私の二人の神様へ
「面白かったね!最後のほうは涙が止まらなかった」
パンフレットを最後に購入して、広君と映画館を出た。
「最後は予想外だった。手紙のシーンとかが良かったな」
「そう!さすが広君!わかってる!私も手紙のシーンが一番良かった。素敵だわ!」
広君とは趣味が合う。
仁くんと榊田君とこういう恋愛系の映画を観るより、圧倒的に広君が良い。
こうして、同調してくれるのだから。
仁くんは寝てしまうし、榊田君は揚げ足取りで雰囲気をぶち壊しにするのだ。
試写会が終わったのがちょうどお昼時で、広君がおいしいお店を知っているということで、広君にエスコートを頼んだ。
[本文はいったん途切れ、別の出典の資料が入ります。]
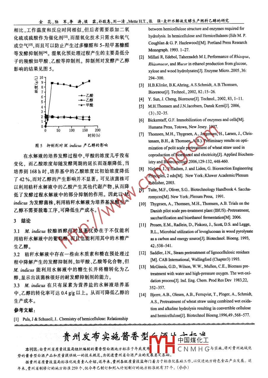 釀酒科技2007年第12期(總第162期)· LIQUOR- MAKING SCIENCE& TECHNOLOGY2007No.12(To.162)麥稈水解液發(fā)酵生產(chǎn)燃料乙醇的研究金花',陸軍,李濤',侯霖',樸敬惠’,劉一清1, Mette h.t.,張強3(1.吉林省輕工業(yè)設(shè)計研究院,吉林長春130021;2. Risoe National Laboratory, Technical University ofDenmark;3長春理工大學(xué)生命科學(xué)技術(shù)學(xué)院,吉林長春130022)摘要:對腐生真菌 Mucor indicus在濕氧化預(yù)處理的小麥秸稈水解液培養(yǎng)基中的生長及發(fā)酵產(chǎn)生酒精的性能進行了研究。結(jié)果表明,在厭氧條件下,乙醇對總糖的轉(zhuǎn)化率和菌體生物量分別達到了037gg和0.12gg;好氧條件下,乙醇對總糖的轉(zhuǎn)化率和菌體生物量分別達到0.33g和024gg;該菌株對水解液中發(fā)酵抑制劑甲酸、乙酸等有較強的耐受能力。關(guān)鍵詞:微生物;腐生真菌 Mucor indicus;小麥秸稈;發(fā)酵;乙醇中圖分類號:Q93-3;TS2622;TS2614文獻標(biāo)識碼:A文章編號:1001-9286(2007)12-0025-03Study on Ethanol Production by Wheat Straw HydrolysateJIN Hua, LU Jun, LI Tao, HOU Lin', PIAO Jing-hui, LIU Yi-qing, Mette H T: 2 and ZHANG Qiang'(1Jilin Province Light Industry Design and Research Institute, Changchun, Jilin 130021; 2. Risoe National Laboratory, Technical Universityof Denmark; 3. Life Science and Technology College of Changchun Science and Technology University, Changchun, Jilin 130022, China)Abstract: The characters including the growth and ethanol-producing performance of zygomycete fungus Mucor indicus inwheat straw hydrolysate were investigated. The results indicated that the ethanol yield and the biomass yield of total con-sumed sugars reached 0.37g/g and 0.12 g/g respectively under anaerobic conditions, whereas 0.33 g/g and 0. 24 g/g underaerobic conditions, and the strain showed better tolerance of the inhibitors such as acetic acid and methyl acid produced inpretreatment processKey words: microbes; zygomycete fungus Mucor indicus; wheat straw; fermentation; ethanol乙醇作為燃料越來越受到人們的關(guān)注。目前生產(chǎn)乙1材料與方法醇的原料主要是含淀粉質(zhì)的糧食及糖類作物,不僅生產(chǎn)1.1菌株成本高,而且長久以糧食作物生產(chǎn)燃料乙醇,必將給人M. indicus菌株由 Culture Collection University of類的糧食安全帶來威脅。因此以地球上豐富的可再生資 Goteborg( Gothenburg, Sweden)提供。源如木材、農(nóng)作物的秸稈等木質(zhì)纖維原料生產(chǎn)燃料乙醇12原料近年來成為世界各國關(guān)注及研究的前沿課題采用濕氧化預(yù)處理的小麥秸稈水解液。木質(zhì)纖維原料含有70%以上的碳水化合物,經(jīng)過13酶制劑預(yù)處理水解即可產(chǎn)生供微生物菌體利用的單糖,經(jīng)微生Cellubrix1.5L(87FPU/mL)由Novo、 nordisk提物發(fā)酵可生產(chǎn)乙醉纖維質(zhì)原料的水解液中不僅有供。纖維素降解產(chǎn)生的大碳糖(主要是葡萄糖),還有半纖維14原料分析素降解產(chǎn)生的五碳糖(主要是木糖)。普通的釀酒酵母原料及預(yù)處理后的固體纖維部分采用強酸水解法s. cerevisiae只能利用葡萄糖產(chǎn)生乙醇,不能利用木糖,測定其中的各碳水化合物的含量;液體部分采用弱酸水因此原料的利用率不高。而腐生真菌M. indicus具有很解法測其中糖的含量。好的代謝葡萄糖和木糖的能力習(xí)。本文主要以小麥秸稈的水解液為原料,對M.indi中國煤化工( FPU/mL)來表示cus菌株生產(chǎn)乙醇的性能進行了研究。CNMHG基金項目:第十四屆中丹政府間科技合作項目( Danida10062-2)。收稿日期:2007-1009作者簡介:金花(1968-),女,碩土,高級工程師,主要從事生物質(zhì)能源的研發(fā)工作,發(fā)表學(xué)術(shù)論文數(shù)篇。25釀酒科技2007年第12期(總第162期)· LIQUOR- MAKING SCIENCE& TECHNOLOGY2007N200162)1.6菌體生物量的測定好氧條件下,培養(yǎng)基中的木糖消耗了99%以上,而在厭發(fā)酵液在4000rmin下離心10min,水洗,再離氧條件下,分別只消耗了純培養(yǎng)基和水解液中19%和心,105℃千燥24h。以單位耗糖產(chǎn)生的菌體生物量來36%的木糖??梢?菌體代謝木糖的過程是好氧過程。純木糖培養(yǎng)基中,乙醇的轉(zhuǎn)化率較低,是由于菌體消耗的17乙醇及殘?zhí)堑臏y定木糖并非全部轉(zhuǎn)化為乙醇,而是產(chǎn)生了木糖醇等中間代采用高效液相色譜(HPLC)法分析謝產(chǎn)物。結(jié)果與分析22不同營養(yǎng)鹽對產(chǎn)乙醇能力的影響以秸稈生產(chǎn)乙醇的過程中,降低乙醇的生產(chǎn)成本至21不同培養(yǎng)基對茵體生物量及乙醇轉(zhuǎn)化率的影響關(guān)重要,而添加過多的營養(yǎng)鹽對菌體的生長及乙醇的產(chǎn)在好氧和厭氧條件下,利用秸稈水解液培養(yǎng)M.in-率有促進作用,但同時會增加乙醇的生產(chǎn)成本。生產(chǎn)乙dcw,同時以純葡萄糖和木糖為培養(yǎng)基作對比,以考察醇過程中,碳源和氮源是兩個重要的影響因素。因此添該菌株在水解液中菌體生物量的積累及乙醇的轉(zhuǎn)化率,加不同的營養(yǎng)鹽濃度及不同的氮源,以觀其對乙醇產(chǎn)生結(jié)果見圖1和圖2。的影響。結(jié)果見圖3和圖4。0.45■葡萄糖如0.40.4811100%25% aUrea日木糖0.35904650%1mos口葡萄糖+木糖水解產(chǎn)物250.20.05合成培養(yǎng)基水解產(chǎn)物0乙醇量培養(yǎng)基圖1厭氧條件下菌體生物量及乙醇轉(zhuǎn)化率圖3厭氧條件下不同營養(yǎng)鹽對產(chǎn)乙醇能力的影0.45■葡萄糖0.51100%025% D Urea≥0.4目木糖■50%no0.35口葡萄糖+木糖0.3國水解產(chǎn)物0.25白N0.200.05合成培養(yǎng)

広君と二人で映画を観る機会が多いが、いつもチケットは先に購入してくれているし、その後の食事の場所も押さえていて、女性のエスコートに長けている。
女の子の心をしっかりわかっているところが、広君のモテるポイントなのだろう。
大学ですでに六人の彼女と出合い別れを繰り返している広君にはお手の物か。
映画の話をしながら歩いていると、私のレーダーに何かがひっかかった。
この感覚は。
直感的にその方向に目を向けると、国道を挟んで隣の道路を歩いているのは仁くん。
「あ!仁くん!」
私は、駆け出した。
人と車が多くて、仁くんの姿が見え隠れする。
その時、仁くんが後ろを振り返った。
そして、私をすぐに見つけてくれた。
お互い、近くにいると何となくわかってしまうのは今も変わらない。
仁くんは私のほうへ来るためスクランブル交差点を渡り、私はそこまでひたすら走った。